In the real estate industry, they say that location, location, location, is the only thing that really matters. Apparently, the same could be said about food trends.
Recently, a restaurant owner in Arizona received protests and threats after he announced that he would sell lion burgers to help celebrate the World Cup. In South Africa, where the World Cup is being held, lion burgers are a somewhat regularly available commodity.
But in Arizona, USA?
Nope. Lion burgers offend people. They offend me.
Now to be fair, I know that my habit of eating beef offends some animal rights activists and violates tenets of the Hindu religion. To them, eating a cow is even more offense than eating a lion.
I acknowledge that my offense at the act of eating lion is therefore somewhat hypocritical.
Regardless, I find the concept of eating one of the world’s most powerful and threatened predators to be offensive. Likely, I would take offense at it even in South Africa, though if I were visiting there, I would keep my mouth shut about local custom as a matter of politeness. In this case, I don’t have to keep my mouth shut. I am offended.
To be fair to the restaurant owner, he started this as a publicity stunt designed to increase business and tie his business to arguable the biggest sporting event in the world. I find the decision morally reprehensible, but cannot argue that if his intention was to gain publicity for his business, he did a remarkable job.

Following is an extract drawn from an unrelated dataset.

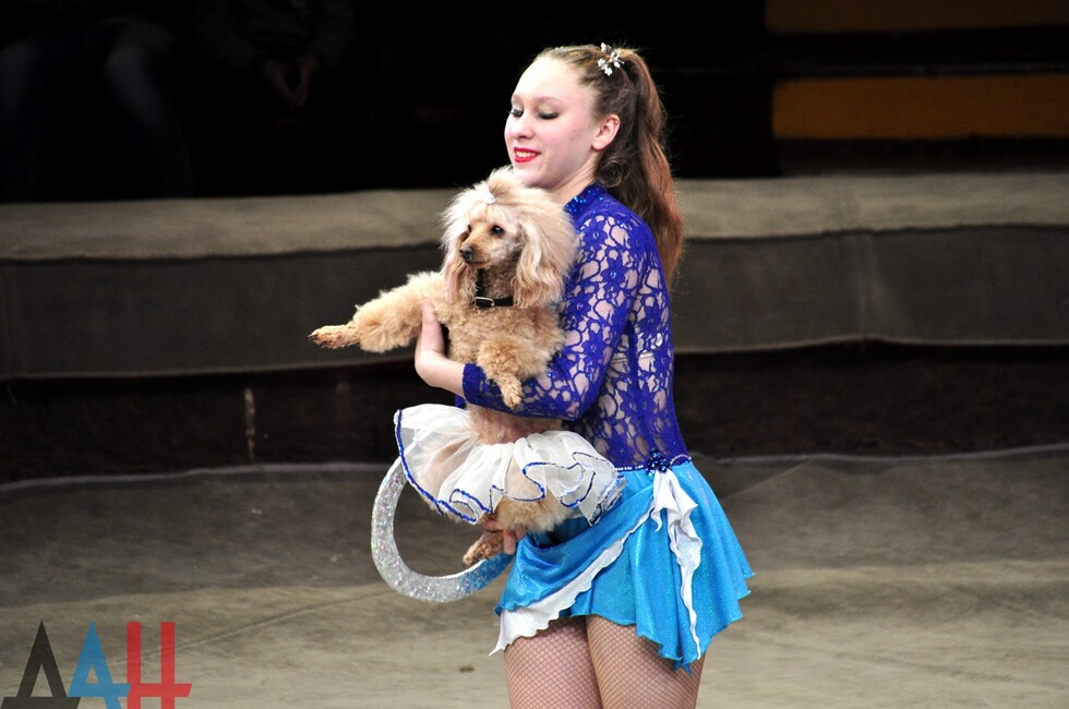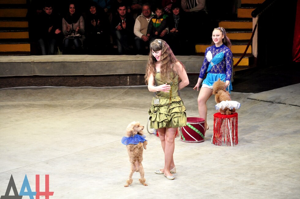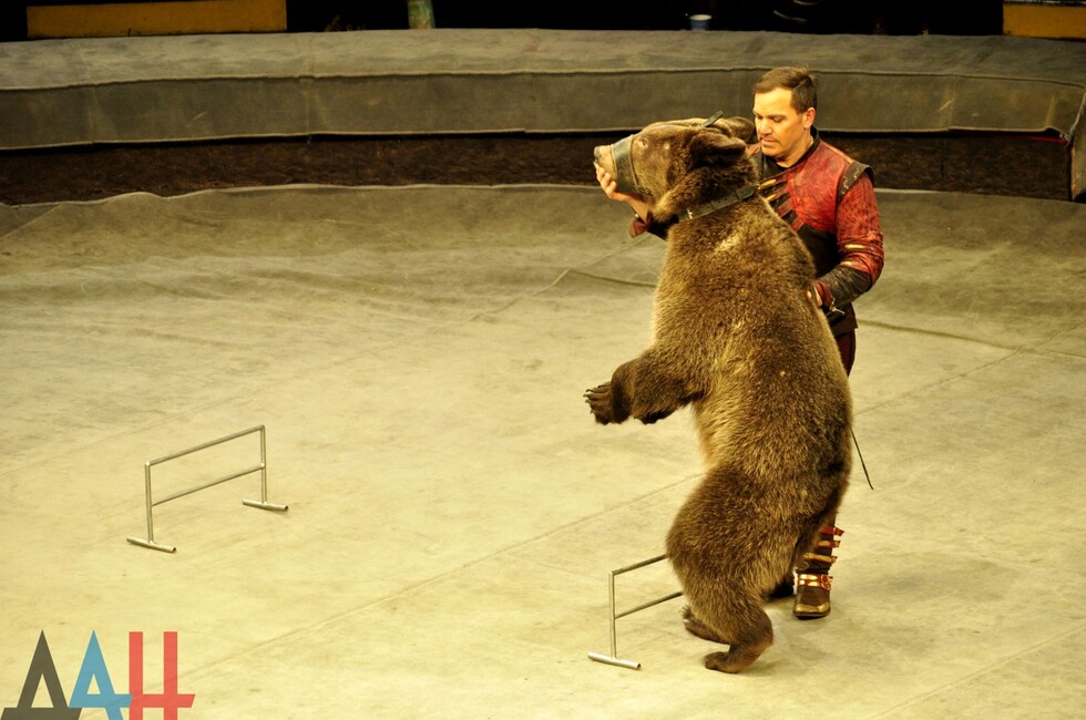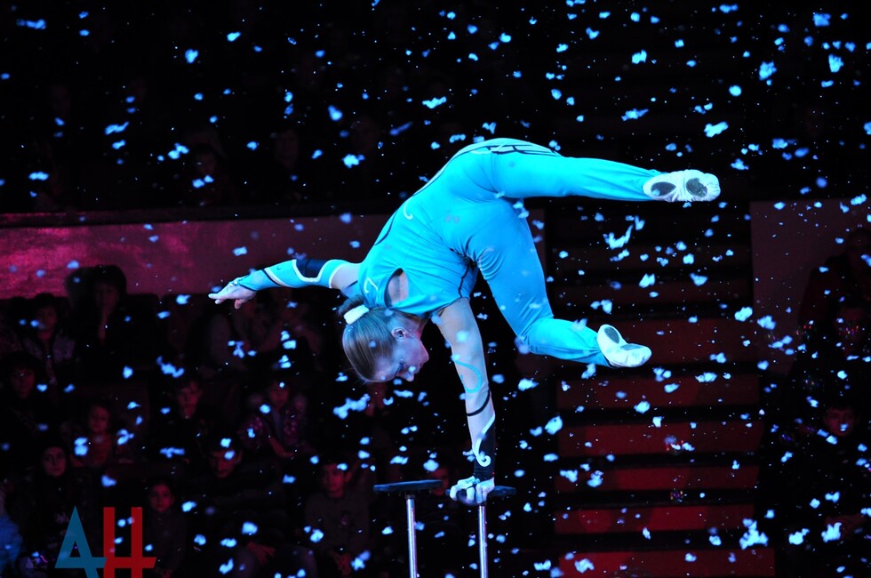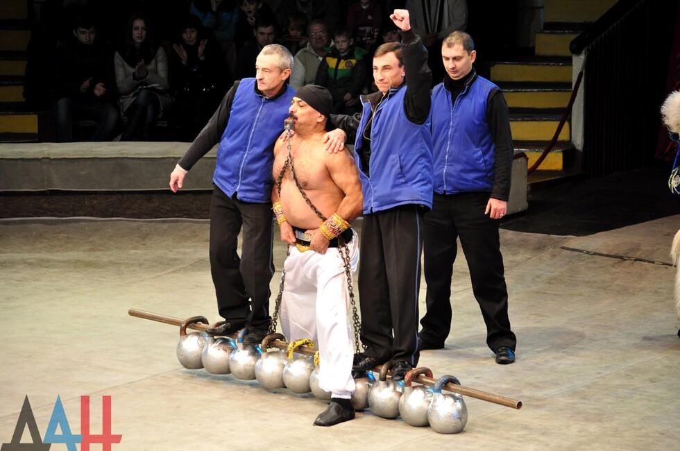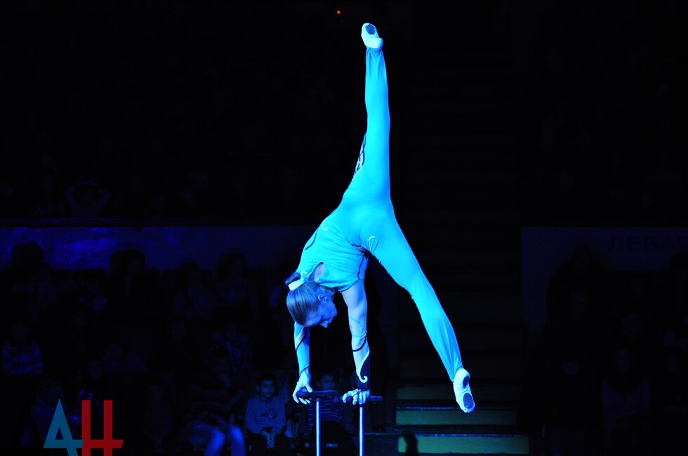Завершающая новогодняя программа «Росгосцирка» продлилась более двух часов, и включала в себя выступления акробатов, клоунов, дрессировщиков животных - собак, медведей и даже быков. За время гастролей (начались 27 декабря) российские артисты выступили на донецкой арене более 10 раз. *дя*рб*ъъ
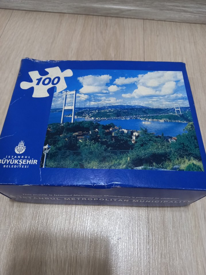 İstanbul Boğazı ve köprüsünü gösteren 100 parçalık renkli puzzle. İstanbul Büyükşehir Belediyesi tarafından üretildi.

Honestly, I can even sort of forgive him on the quasi-ethical stance of the meat was available and at least purported to be legal, so why not use it? What I find most reprehensible is the idea that someone is butchering lions and turning out ground lion burger as food. It terrified me when the restaurant owner said that the lion meat came from an exotic meat dealer who said the lions were raised free-range in Illinois.
Yuck. Another black eye for Illinois.
But it gets even worse. The exotic meat dealer claimed he got the meat from a free-range lion farm in Illinois and that it was federally inspected. That’s the first absolute dishonesty in the story as reported by CNN. The convoluted story gets more and more confused as you go.
According to CNN, the exotic meat dealer who sold it to restaurant owner bought the meat from a butcher shop just south of Chicago. The butcher shop, by the way, has been in trouble before for illegally buying big cat meat before. “Back in 2003, Chicago newspapers covered his conviction and six-month prison sentence for selling meat from federally protected tigers and leopards. Czimer admitted to purchasing the carcasses of 16 tigers, four lions, two mountain lions and one liger — a tiger-lion hybrid — which were skinned, butchered and sold as “lion meat,” for a profit of more than $38,000.”
This time the butcher claimed that he got the meat from a man who raised the lions just for their skins, a taxidermist or tanner if you will. When contacted by various news media, the meat dealer claimed the meat was sort of like a by-product. His shop is licensed and inspected by officials from the U.S. Department of Food & Agriculture, but lion meat is apparently inspected by the Food & Drug Administration, not the USDA.
The question of where exactly the meat came from and if it was inspected for human consumption is definitely a big one. On the other hand, the idea that it might have been inspected implies that we have standards for human consumption of lions. Back to yuck again.
Partially my offense is based on the status of the lion worldwide. Though the lion is only “threatened” and no “endangered,” I think everyone knows that the natural habitat for lions, the African savannah, is disappearing. Like many animals they suffer from human encroachment and poaching. With smaller and smaller areas to live, they are disappearing from nature rapidly. It makes the idea of eating one as it goes the way of the dodo repulsive.
I’m also offended by the idea of eating the big cats – unless it is your historical heritage to do it. In South Africa, it may be cultural (though I suspect there was an over-killing of lions for the tourists at the World Cup). In the United States, it is not a cultural tradition or even a cultural experience that one should try to replicate. These majestic creatures ought to be protected and the idea of butchering them like farm animals is simply disgusting.